The next storyline, “Temple of the Vampires”, is described by Grams as “one of the most frightening of all I Love a Mystery serials.” (I Love a Mystery Companion page 79) Maybe one day we’ll have an opportunity to hear it, to determine whether it lives up to the hype.
Yes, there have likely been re-creations done from the script, but I’d like to hear that story as broadcast in 1940 and/or 1950.
Grams also pointed out that “Temple of the Vampires” marks the first time Morse broke his rule that his mysteries had rational, scientific explanations.
As I said in my post about keeping audio adventures alive, I Love A Mystery could work in audio format today. The characters and some of the dialogue would need to be updated, however.
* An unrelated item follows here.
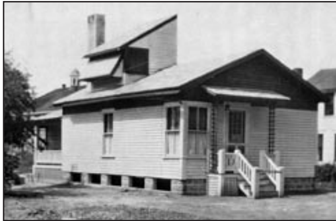
Studio, Deering Street, Norway Maine

Any work of popular fiction will reflect, to some degree, the era in which it was made. Certain attitudes and preconceptions existed in the 1930s and 1940s which don’t today. Or at least aren’t as prevalent. To a modern listener, Jack’s comments in one adventure to an unseen woman about women in general paint him as misogynistic at worst, immature at best.
In another story, one of the preconceptions of the era leads Jack to not even consider that a particular person might be a suspect.
I Love A Mystery is “evergreen” in another way. The exploits of a trio of “soldiers of fortune” could easily take place in any time period.
Whether or not the Morse estate ever allows new re-creations, or other existing episodes become available, we still have several hours of exciting tales of Jack, Doc and Reggie for our listening enjoyment.